Aldi stores are smaller than Costco’s, fitting into community neighborhoods they seek to serve. The stores offer fresh fruit and vegetables, takeaway bento boxes, bakery goods and a variety of imported wines.
Home delivery within the Outer Ring Road is available for purchases of 299 yuan or more.
Sam’s Club expanded its offerings to include wine tasting, a pharmacy, a jewelry counter and an optical center after renovating its Pudong store last year.
The company opened a second store in Shanghai in June, adding features such as home décor items. Its 8,000 different bar codes are still significantly lower than many supermarkets.
Sam’s has placed some of its best-selling items, such as fresh food and baby and maternity products, in warehouses around the urban area to facilitate home delivery within an hour after orders are placed.
The German wholesale retailer Metro hasn’t been quite so lucky. Its initial targets were grocery store owners and canteen businesses, but the response was lukewarm.
Its timing for wholesale, membership retailing in China was off. Automobile ownership wasn’t quite so prevalent when it first entered China in 1996, and many family shoppers were put off when they got to checkout counters and were told they needed a membership card.
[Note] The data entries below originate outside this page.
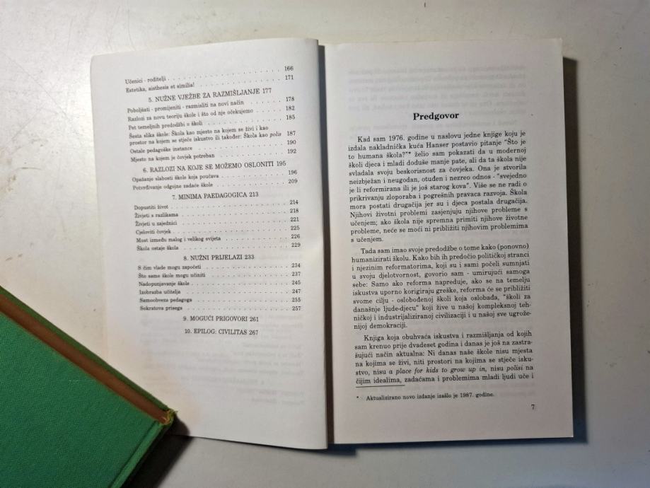 Autora zaokuplja pitanje kako humanizirati školu. Odgovor nalazi u stalnom korigiranju pogrešaka: tek tako će se reforma školstva približiti svojem cilju: "oslobođenoj školi koja oslobađa", "školi za današnje ljude-djecu" koji žive u našoj kompleksnoj tehničkoj i industrijaliziranoj civilizaciji i sve ugroženijoj demokraciji. Svoja zapažanja autor izvodi iz temeljne analize njemačkog društva i tamošnjeg sustava školstva. Hartmut von Hentig profesor je pedagogije na Sveučilištu u tom mjestu i voditelj Ogledne škole u Bielefeldu. Jedan je od najboljih reformnih pedagoga u Njemačkoj.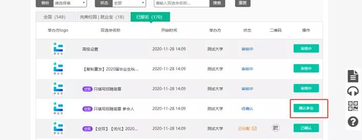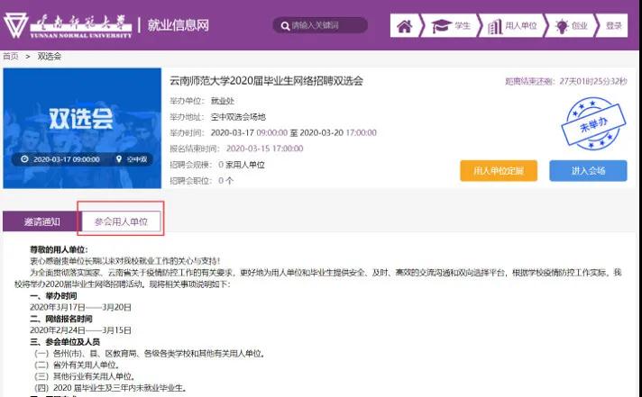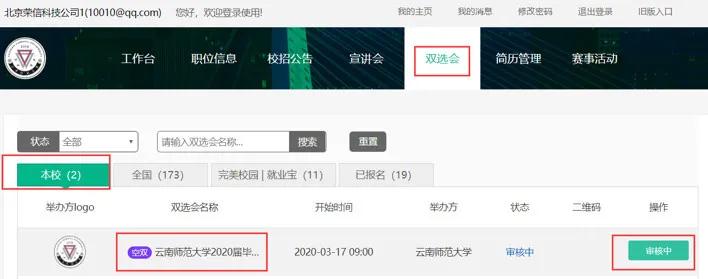 点击页面导航栏中【双选会】模块,报名参加双选会,等待审核。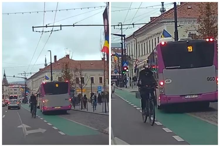 Un șofer a avut o surpriză în trafic, pe o stradă din centrul Clujului. Acesta se afla pe strada Regele Ferdinand joi dimineața, moment în care a observat un biciclist.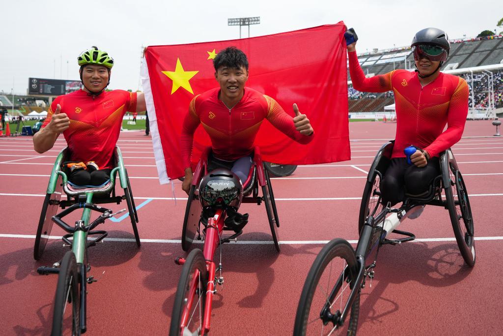 5月22日,中國(guó)選手代云強(qiáng)、金華和羅興傳(從左至右)在男子1500米T54級(jí)別決賽后合影。新華社記者 張笑宇 攝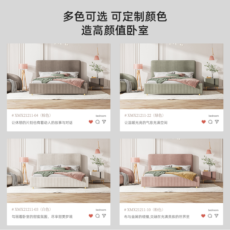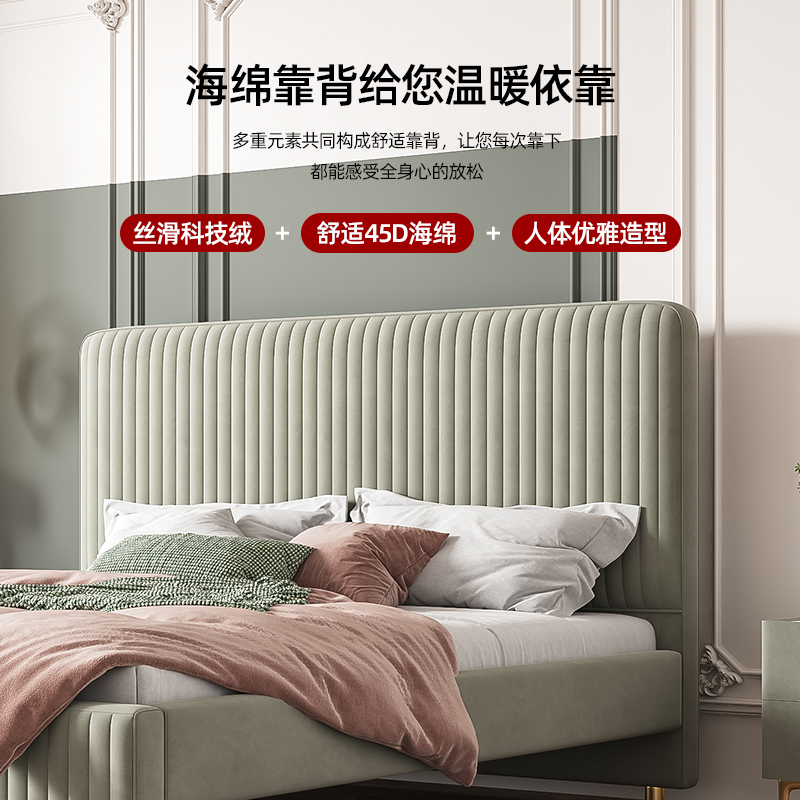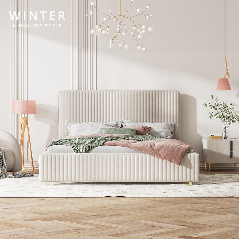 Winter bear net red ins wind girl technology velvet fabric bed Nordic light luxury master bedroom double soft bed 1 8 villa wedding bed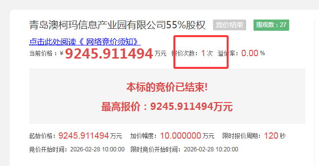 青岛澳柯玛信息产业园有限公司55%股权转让成功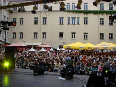 18 de Julho: o recinto "sui generis" do Christopher Summer Festival, um belíssimo páteo, em Vilnius, que ficou completamente esgotado, com mais de 1000 pessoas! Um público e um ambiente fantásticos!! No final deste concerto tive uma grande surpresa, no meio de tanta gente que estava a descobrir o fado pela primeira vez, chegou junto a mim, uma jovem rapariga que me deu uma pintura sua sobre o fado «Rosa sem Espinhos», do álbum Joana Amendoeira. Foi uma enorme emoção...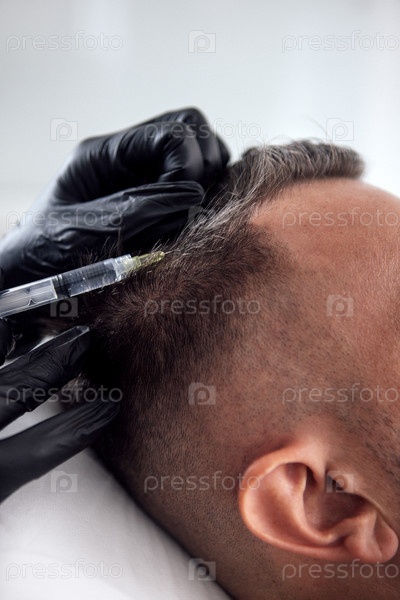 Пациент-мужчина, получающий лечение восстановления волос с помощью шприца в современной клинике, демонстрируя передовые методы возобновления роста и омоложения волос в клинической обстановке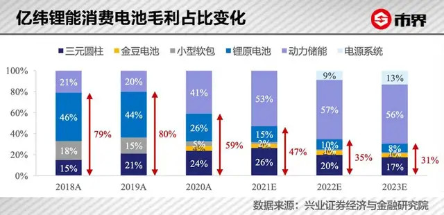 據興業證券的研究報告顯示,從2018年到2020年,消費電池為億緯鋰能貢獻的毛利,占比從79%下滑至59%。億緯鋰能只有在動力電池領域殺出一片戰績,才能繼續把故事講下去。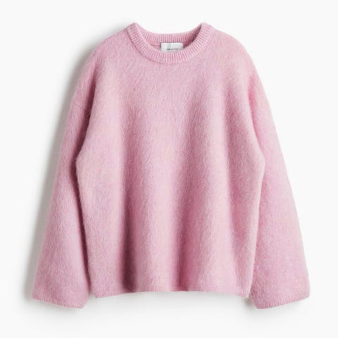 H&M Genser i mohairull, brun farge, størrelse S for dame. Genseren er laget av 38% mohair, 38% ull, 19% polyamid og 5% elastan.

The bulk purchasing model didn’t really work well back then.
In March, Metro announced it was seeking buyers for its China business and hopes to conclude a deal by September.
Domestic retailers, too, have danced around the membership concept.
Alibaba’s Freshippo grocery and delivery service has a 218-yuan membership offering frequent shopper discounts on fresh goods.
Costco claims that the “touch and taste” experience is a crucial part of consumer shopping. It said it will entice new buyers through endorsements by existing members. But without powerful domestic partners, that may prove difficult.
Consumers have accepted new models like Freshippo because of their long association and trust in parent group Alibaba.
Costco’s challenge is to build trust as the go-to place for almost every type of product. That is a slow, long-term process in a rapidly changing consumer market.